Saving Francesca was the third of Melina Marchetta’s books I read. I had to order it online, and was really annoyed when I got the book and it wasn’t the cover advertised. Then I read the book and I was even more annoyed to see a soft, angelic looking blond girl on the cover because Francesca is absolutely neither of those things. Usually this stuff doesn’t bother me, but with Saving Francesca it did. Francesca’s heritage and her family are a huge part of this book because they’re a huge part of who she is. This, I think, is the first (and probably only) of Melina Marchetta’s books that looks at just an every day, normal family. A mom and dad, two kids, a gaggle of grandparents and cousins and aunts and uncles. But even this normal family has problems. Big ones, even. I loved seeing that, and I loved seeing how, even with a family to support her, Francesca still felt alone and lost. I really respect how Melina Marchetta handled Francesca’s mom’s depression. It was so real, and very respectful of an issue so many people roll their eyes at.

But Melina Marchetta’s biggest strength is always building up her relationships between characters.
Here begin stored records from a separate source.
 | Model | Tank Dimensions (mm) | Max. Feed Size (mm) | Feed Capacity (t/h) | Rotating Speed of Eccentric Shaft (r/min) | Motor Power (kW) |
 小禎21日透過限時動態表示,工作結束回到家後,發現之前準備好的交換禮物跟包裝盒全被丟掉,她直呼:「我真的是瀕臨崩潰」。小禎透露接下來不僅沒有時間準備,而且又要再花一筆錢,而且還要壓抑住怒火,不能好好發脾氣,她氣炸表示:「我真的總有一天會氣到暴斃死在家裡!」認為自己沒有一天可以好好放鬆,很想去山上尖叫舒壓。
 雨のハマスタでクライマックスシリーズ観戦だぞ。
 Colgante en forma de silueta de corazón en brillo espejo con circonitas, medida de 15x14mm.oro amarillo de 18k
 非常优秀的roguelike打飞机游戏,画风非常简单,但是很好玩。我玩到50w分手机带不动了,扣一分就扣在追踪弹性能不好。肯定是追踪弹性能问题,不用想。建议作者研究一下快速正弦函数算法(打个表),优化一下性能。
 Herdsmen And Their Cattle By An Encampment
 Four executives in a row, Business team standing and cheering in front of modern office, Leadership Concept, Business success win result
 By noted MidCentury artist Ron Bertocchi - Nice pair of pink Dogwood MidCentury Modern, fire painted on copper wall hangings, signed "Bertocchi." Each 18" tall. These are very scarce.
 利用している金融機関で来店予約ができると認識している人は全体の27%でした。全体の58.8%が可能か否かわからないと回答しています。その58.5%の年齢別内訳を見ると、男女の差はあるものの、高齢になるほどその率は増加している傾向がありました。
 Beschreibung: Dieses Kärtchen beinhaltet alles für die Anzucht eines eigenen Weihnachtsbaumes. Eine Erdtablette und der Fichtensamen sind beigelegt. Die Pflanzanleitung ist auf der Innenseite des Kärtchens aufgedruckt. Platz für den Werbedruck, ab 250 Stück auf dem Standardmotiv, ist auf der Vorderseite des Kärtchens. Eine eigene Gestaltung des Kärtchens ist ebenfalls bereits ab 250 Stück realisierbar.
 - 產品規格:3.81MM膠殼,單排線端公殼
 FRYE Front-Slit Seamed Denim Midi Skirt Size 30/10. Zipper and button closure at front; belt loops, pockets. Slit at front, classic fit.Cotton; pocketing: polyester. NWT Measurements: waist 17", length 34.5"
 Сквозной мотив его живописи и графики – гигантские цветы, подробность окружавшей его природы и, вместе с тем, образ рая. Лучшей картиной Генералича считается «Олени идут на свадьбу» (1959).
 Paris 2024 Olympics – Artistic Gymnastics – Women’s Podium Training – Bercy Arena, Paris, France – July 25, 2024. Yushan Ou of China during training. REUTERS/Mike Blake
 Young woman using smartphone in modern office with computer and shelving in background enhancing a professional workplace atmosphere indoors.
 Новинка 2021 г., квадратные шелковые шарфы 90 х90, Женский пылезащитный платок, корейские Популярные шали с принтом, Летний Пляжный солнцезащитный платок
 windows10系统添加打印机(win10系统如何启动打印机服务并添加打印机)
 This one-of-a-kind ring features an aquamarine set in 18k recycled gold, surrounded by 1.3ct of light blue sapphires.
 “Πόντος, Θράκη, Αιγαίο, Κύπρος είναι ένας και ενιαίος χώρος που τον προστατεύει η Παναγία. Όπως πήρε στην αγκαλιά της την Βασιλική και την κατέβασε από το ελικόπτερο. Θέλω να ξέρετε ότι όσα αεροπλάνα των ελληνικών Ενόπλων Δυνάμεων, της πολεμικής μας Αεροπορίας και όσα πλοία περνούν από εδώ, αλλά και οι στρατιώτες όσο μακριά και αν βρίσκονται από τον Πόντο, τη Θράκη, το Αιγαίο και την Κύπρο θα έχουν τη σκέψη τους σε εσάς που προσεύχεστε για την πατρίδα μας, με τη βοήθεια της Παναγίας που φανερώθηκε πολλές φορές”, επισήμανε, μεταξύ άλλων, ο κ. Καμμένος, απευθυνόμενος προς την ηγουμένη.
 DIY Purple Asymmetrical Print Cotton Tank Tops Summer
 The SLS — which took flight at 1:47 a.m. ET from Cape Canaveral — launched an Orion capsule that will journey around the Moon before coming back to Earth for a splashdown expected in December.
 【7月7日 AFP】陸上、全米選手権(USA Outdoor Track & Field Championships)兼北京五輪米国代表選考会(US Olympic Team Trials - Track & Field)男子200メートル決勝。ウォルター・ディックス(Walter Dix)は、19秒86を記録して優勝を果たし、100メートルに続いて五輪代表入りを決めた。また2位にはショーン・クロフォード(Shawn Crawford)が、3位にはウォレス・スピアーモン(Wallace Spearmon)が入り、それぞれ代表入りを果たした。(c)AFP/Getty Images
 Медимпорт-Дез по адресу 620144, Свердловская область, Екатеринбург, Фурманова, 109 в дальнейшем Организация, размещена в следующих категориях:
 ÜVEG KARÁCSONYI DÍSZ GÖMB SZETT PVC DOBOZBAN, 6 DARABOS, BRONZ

Francesca and her mother, Francesca’s parents, Francesca and her brother, Francesca and her new friends and, last but not least, Francesca and Will Tromball. I loved Will. I loved that he had his own set of issues, but he’s there for Francesca without pushing. Their relationship is in the background of this book, but it’s kind of like the book’s spine anyway. Will brings out all these things in Francesca that she spent years hiding and suppressing, and these things he brings out makes her stronger and better. They made each other stronger and better, and that’s a rare find in YA novels lately.

I loved Saving Francesca so much that when I found out that The Piper’s Son was coming out, I was  crazy excited because I loved Thomas Mackee. And The Piper’s Son kind of gutted me. It was, first and foremost, a really fresh take on a young adult book because one of the points of view was not even close to being a teenager, and neither, for that matter, was Thomas. Thomas’s tale is sort of a foil to Francesca’s in a lot of ways. He too has a big family, but where Francesca’s family are nosy and need to butt in, Thomas’s family are spread out all over the place and they’re kind of broken. Seeing the change in Thomas between Saving Francesca and The Piper’s Son pretty much broke my heart. The fact that I knew and loved Thomas already made what was already a powerful story turn into a wallop to my gut. It was a hard book to read, and I think perhaps the heaviest of all of Melina Marchetta’s books. But it was also sort of beautiful. The writing was exquisite, and I felt more of Thomas’s pain than I ever really did of Francesca’s. I thought the way we saw the manifestations of that pain in the way Thomas moved and talked and lived was really powerful. I especially enjoyed seeing the change in his relationships that his inner turmoil caused. I especially loved seeing Francesca still kind of refusing to give up on him, because that’s what she does. And I think we got just enough of Will and Francesca to satisfy me that they’re ok and are going to keep being ok and that the buildup of that relationship wasn’t for naught. The only thing I wished for at the end of The Piper’s Son was maybe one more chapter. One more chapter of Thomas feeling some hope and experiencing some happiness. But even if ti wasn’t written out for me, I know he did.